Initially, we must determine whether the exercise of the automatic change of venue constitutes state action and whether Becze had standing to assert the equal protection rights of the excluded jurors. We find the reasoning set forth in Edmonson, which held that a civil litigant exercising a peremptory challenge was acting pursuant to a course of state action, to be applicable. Under the state action analysis, we first ask whether the claimed constitutional deprivation resulted from the exercise of a right or privilege having its source in state authority. Edmonson, 500 U.S. at 618-22, 111 S.Ct. at 2082-83. Next, we must determine whether the private party charged with the deprivation could be described in all fairness as a state actor. Id. at 620, 111 S.Ct. at 2083. Clearly, Osmulski, in filing her motion for change of venue, was exercising a privilege having its source in state authority: the Indiana Rules of Trial Procedure. In analyzing the second part of the inquiry, it is relevant to examine the extent to which the actor relies on government assistance and benefits. Id. Clearly, without the "overt, significant participation of the government," the court system and procedural rules utilized by Osmulski would not exist. See Id. 500 U.S. at 622, 111 S.Ct. at 2084. We find that Osmulski's motion for an automatic change of venue was pursuant to a course of state action and therefore subject to the dictates of the Constitution.
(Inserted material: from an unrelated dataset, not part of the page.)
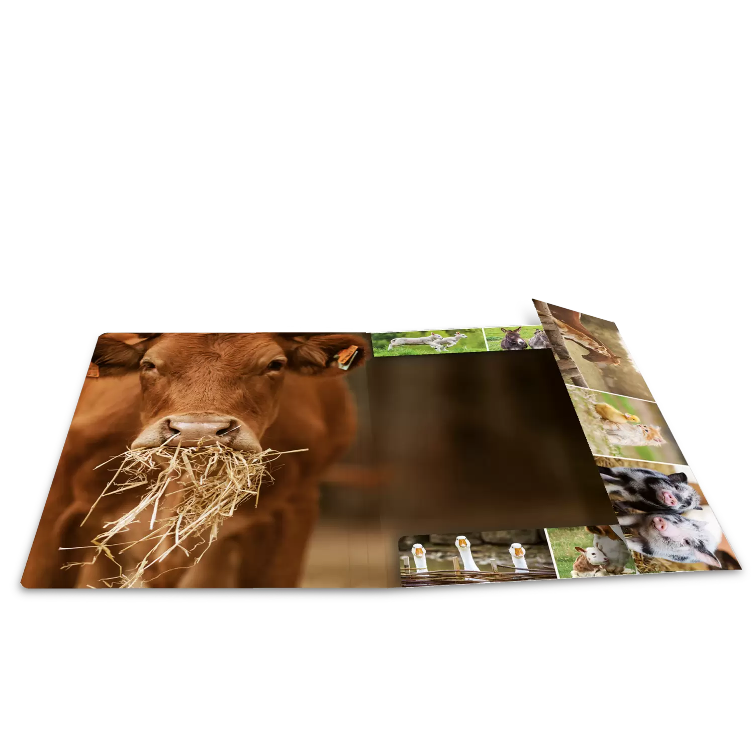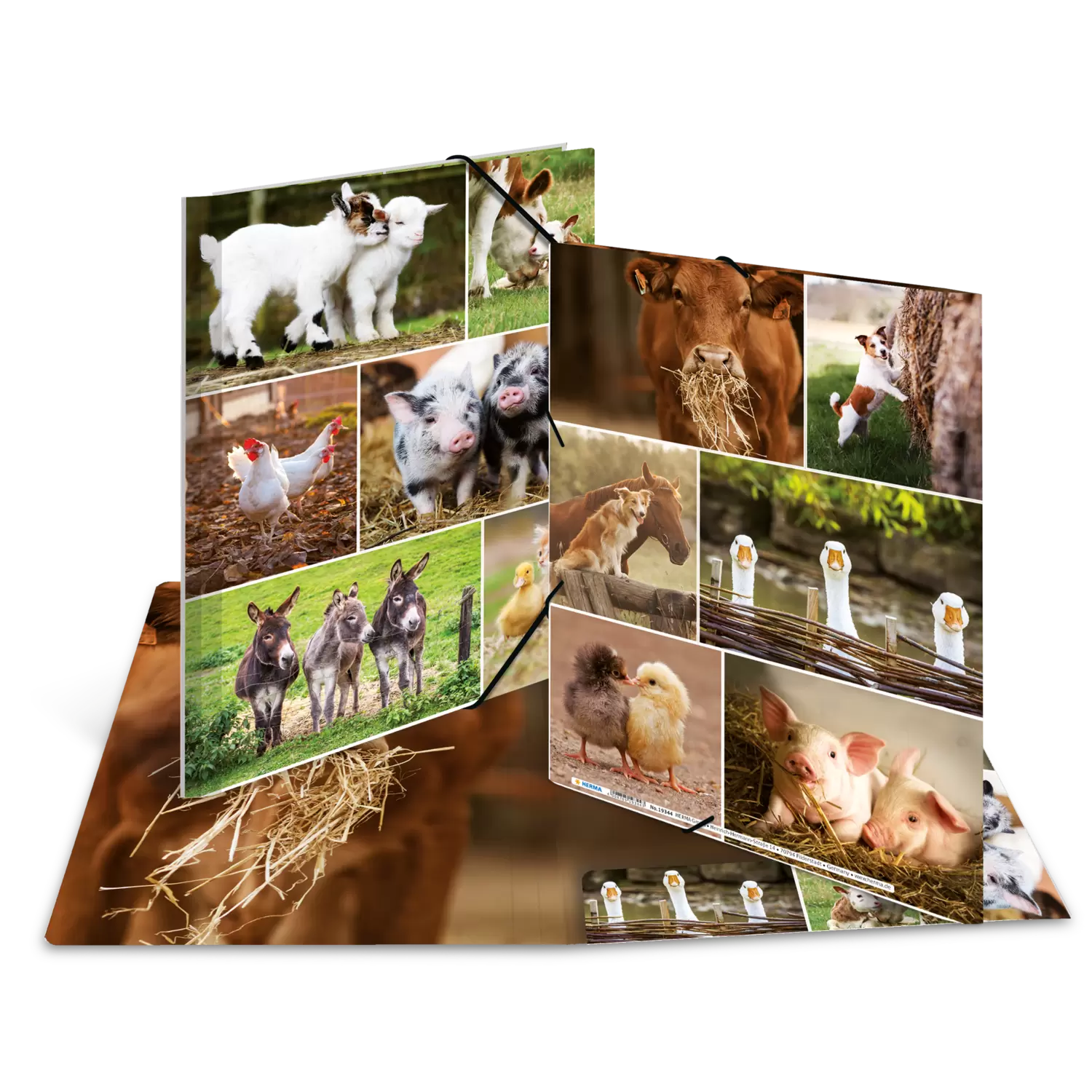 Boederijliefhebbers opgelet! Wie van de boerderij en van boerderijdieren houdt en zijn tijd graag daar doorbrengt, zal veel plezier beleven aan deze verzamelmap, die aan de binnen- en buitenkant bedrukt is met veel verschillende boerderijfoto's. Ideaal voor iedereen die zijn tijd het liefst doorbrengt in de stal of in de wei, te midden van koeien, geiten en kippen. De map meet 32 cm x 24 cm en is dus groot genoeg voor papieren, tekeningen en documenten tot DIN A4-formaat. Hij is gemaakt van stevig karton en dankzij twee hoogwaardige hoekspanners gemakkelijk te openen en te sluiten. Dankzij de drie binnenflappen wordt de inhoud beschermd en ook kleiner papierwerk kan er niet uit vallen.

Further, under Powers, we conclude that Becze had standing to assert the equal protection rights of the excluded jurors. A Having determined that Osmulski filed her motion for change of venue pursuant to a course of state action and that Becze had standing to raise the equal protection rights of the excluded jurors, we now apply the dictates of Batson to the case at hand. After a litigant has established a prima...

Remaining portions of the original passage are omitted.